For each entry, repeat the text exactly and omit any picture it holds.

RAW DATA:
===
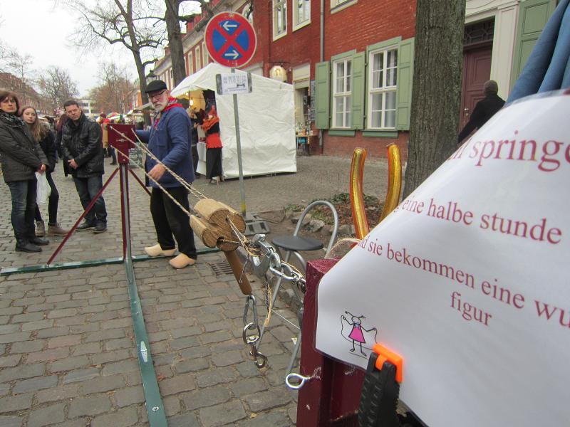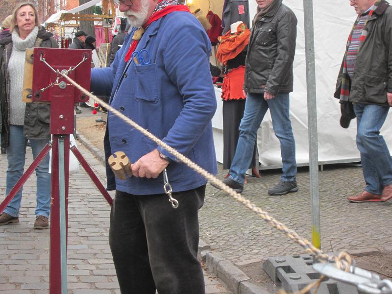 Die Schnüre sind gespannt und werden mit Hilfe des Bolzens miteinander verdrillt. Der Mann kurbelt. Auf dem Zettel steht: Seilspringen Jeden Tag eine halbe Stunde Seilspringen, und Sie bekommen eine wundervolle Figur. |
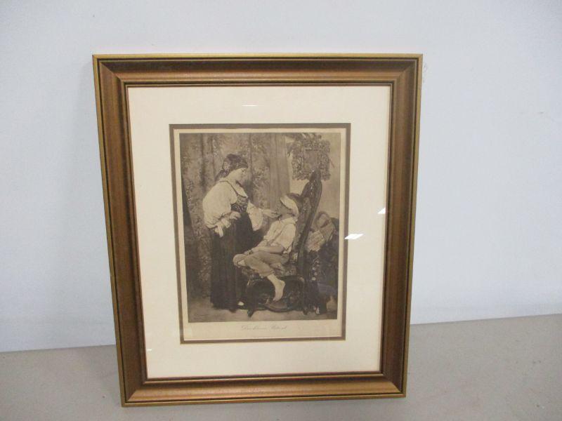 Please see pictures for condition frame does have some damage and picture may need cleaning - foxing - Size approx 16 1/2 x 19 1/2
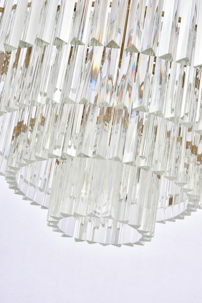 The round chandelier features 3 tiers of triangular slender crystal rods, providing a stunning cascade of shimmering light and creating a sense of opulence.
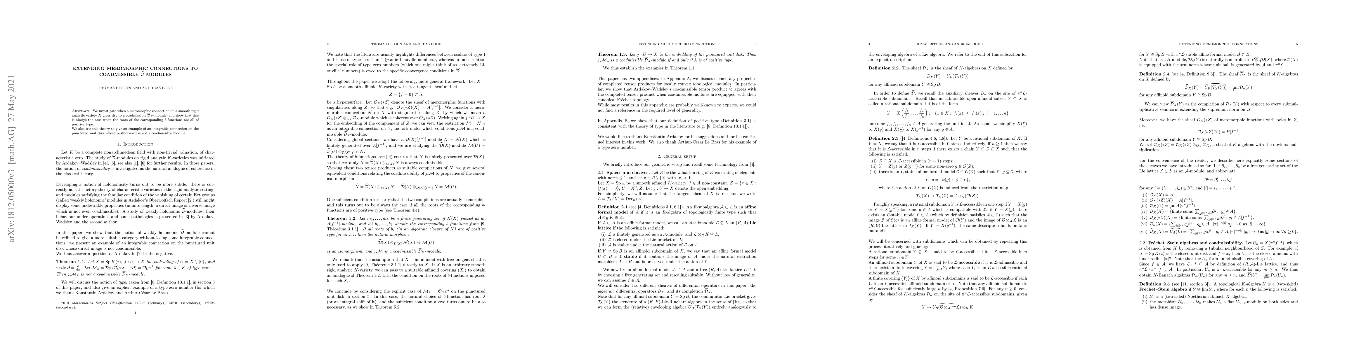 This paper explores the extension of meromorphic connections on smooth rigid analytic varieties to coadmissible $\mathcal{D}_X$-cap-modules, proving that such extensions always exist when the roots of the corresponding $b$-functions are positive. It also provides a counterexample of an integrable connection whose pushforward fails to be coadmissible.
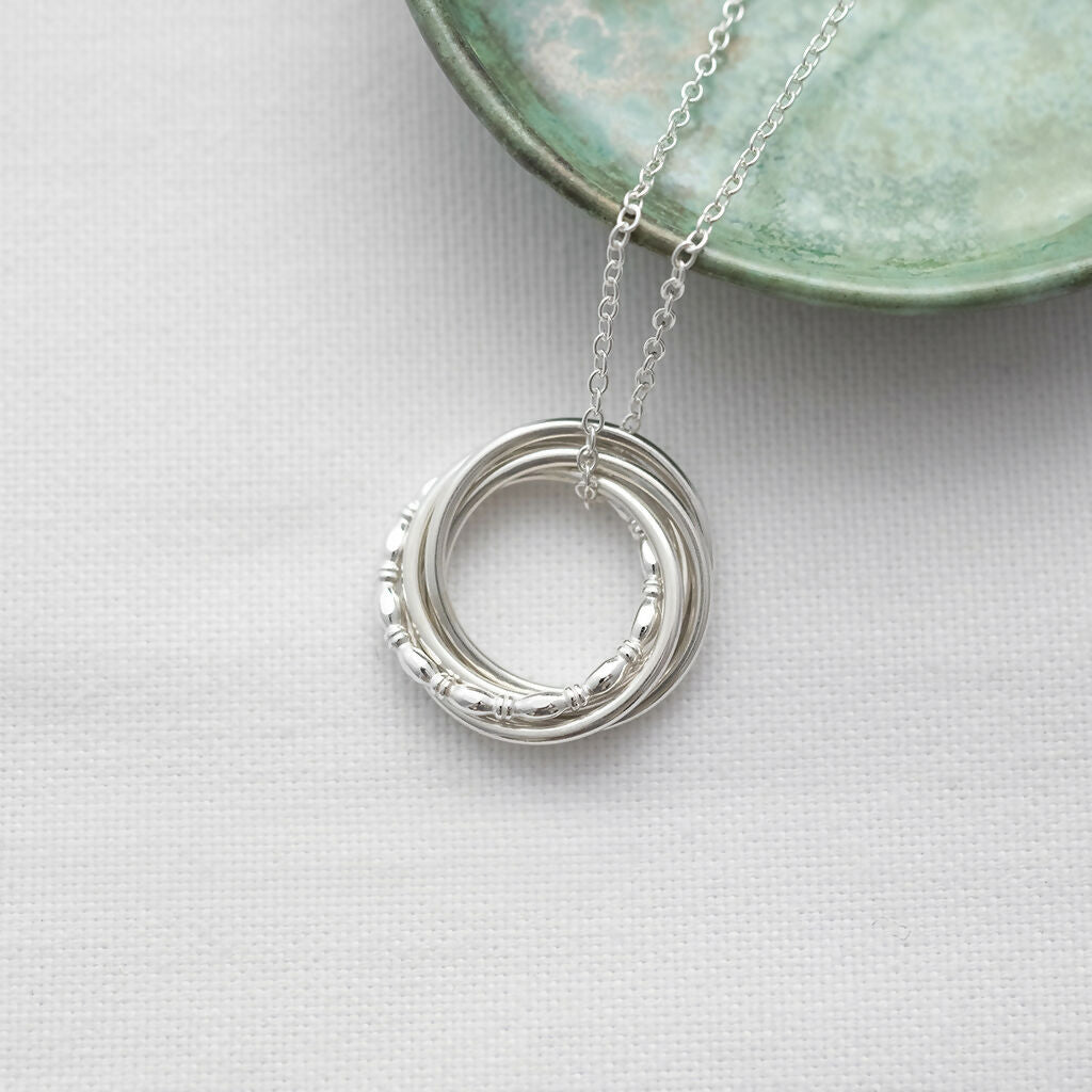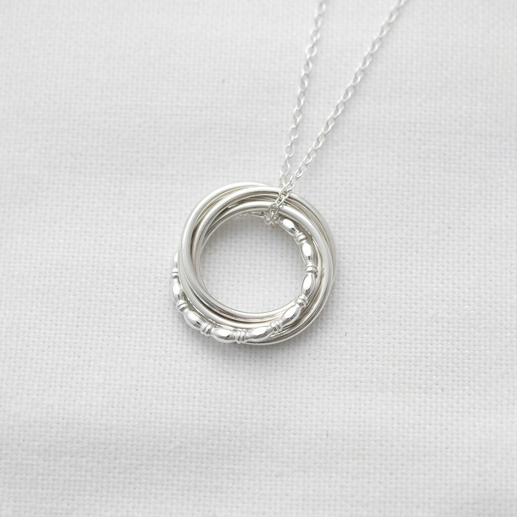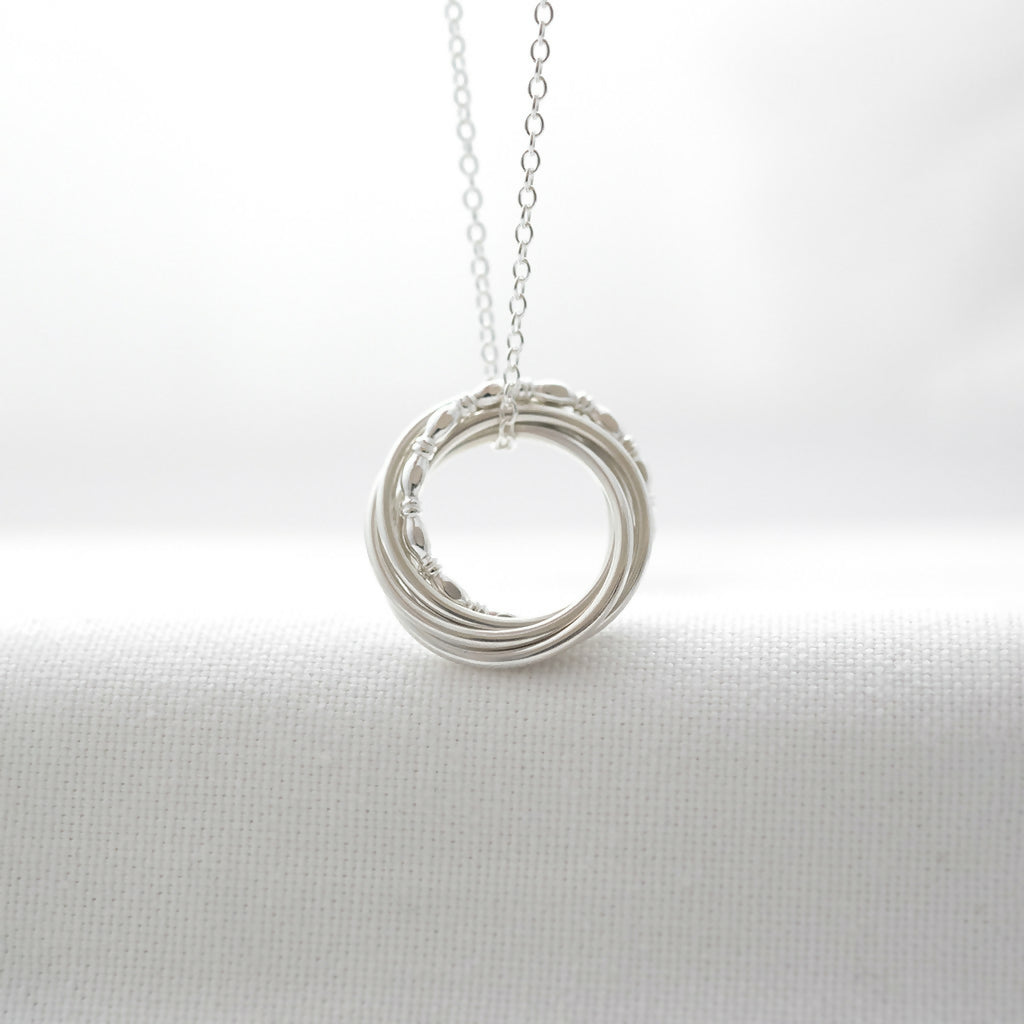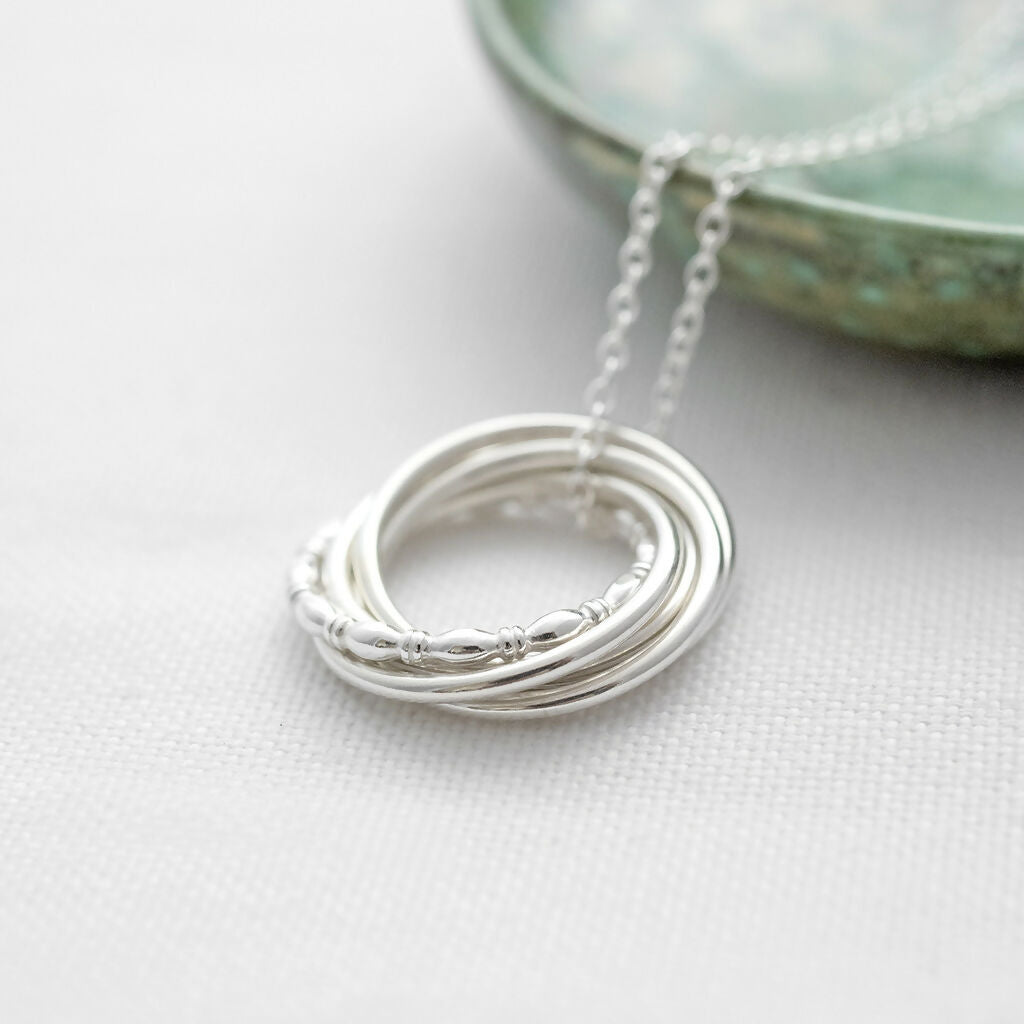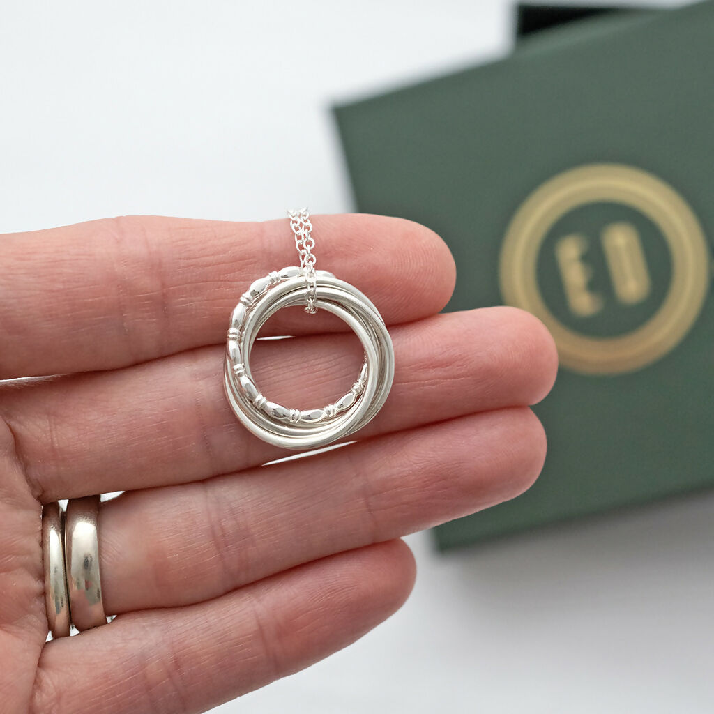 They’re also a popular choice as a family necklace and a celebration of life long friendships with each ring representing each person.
===
WRITTEN SOLUTION:
 Die Schnüre sind gespannt und werden mit Hilfe des Bolzens miteinander verdrillt. Der Mann kurbelt. Auf dem Zettel steht: Seilspringen Jeden Tag eine halbe Stunde Seilspringen, und Sie bekommen eine wundervolle Figur. |
 Please see pictures for condition frame does have some damage and picture may need cleaning - foxing - Size approx 16 1/2 x 19 1/2
 The round chandelier features 3 tiers of triangular slender crystal rods, providing a stunning cascade of shimmering light and creating a sense of opulence.
 This paper explores the extension of meromorphic connections on smooth rigid analytic varieties to coadmissible $\mathcal{D}_X$-cap-modules, proving that such extensions always exist when the roots of the corresponding $b$-functions are positive. It also provides a counterexample of an integrable connection whose pushforward fails to be coadmissible.
 They’re also a popular choice as a family necklace and a celebration of life long friendships with each ring representing each person.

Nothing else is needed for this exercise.